After he came to the United States in 1938 to sing on broadcasts of Larry Clinton's orchestra, Todd became a favourite with radio listeners across the country.

During 1944–1945, Todd spent a year on a USO tour, entertaining troops during World War II. He returned to network radio July 28, 1945, on Your Hit Parade, replacing Lawrence Tibbett as the featured male singer, counterpart to Joan Edwards.

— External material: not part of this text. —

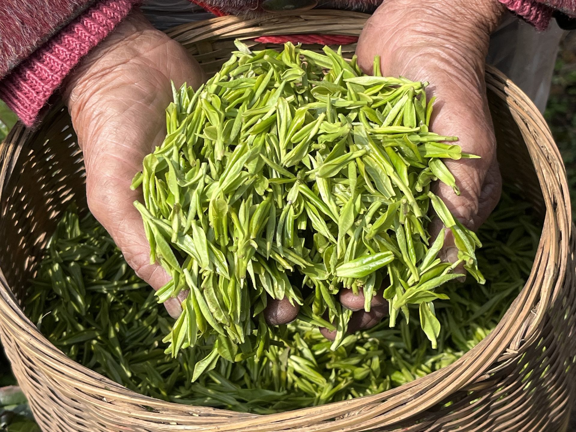 茶农刚采摘的鲜叶

He was a soloist on programs such as Melody and Madness, Avalon Time, Rinso-Spry Vaudeville Theatre, Hometown Incorporated, and Show Boat.

==Recording==
In the late 1930s, Todd signed a contract with RCA Victor to record for the company's Bluebird Records label. During his career he recorded such hits as "You're the Only Star in My Blue Heaven", "It's A Hap-Hap-Happy Day" and "Blue Orchids". In a 1940 magazine article, a writer commented, "He has the heaviest record-making schedule of any singer in the country."

===Hit records===

| Year | Single | Chart positions |  |  |  |  |
| US | US R&B | US AC | US Country | UK |
| 1938 | "The Girl in the Bonnet of Blue" | 9 | — | — | — | — |
| "Love Doesn't Grow on Trees" | 20 | — | — | — | — |
| "When Paw Was Courtin' Maw" | 9 | — | — | — | — |
| 1939 | "Little Sir Echo" | 10 | — | — | — | — |
| "It's a Hundred to One (I'm in Love)" | 12 | — | — | — | — |
| 1940 | "To You, Sweetheart, Aloha" | 10 | — | — | — | — |
| "The Gaucho Serenade" | 4 | — | — | — | — |
| "Angel in Disguise" | 13 | — | — | — | — |
| "The Singing Hills" | 16 | — | — | — | — |
| "Make Believe Island" | 14 | — | — | — | — |
| "All This and Heaven Too" | 20 | — | — | — | — |
| "You Can't Brush Me Off" (with Dinah Shore) | 24 | — | — | — | — |
| "Goodnight, Mother" | 24 | — | — | — | — |
| 1950 | "Daddy's Little Girl" (with Phil Ellis Choristers) | 11 | — | — | — | — |
| 1953 | "Till I Waltz Again with You | 17 | — | — | — | — |

==Film==
Todd made a couple of short features for Paramount Pictures.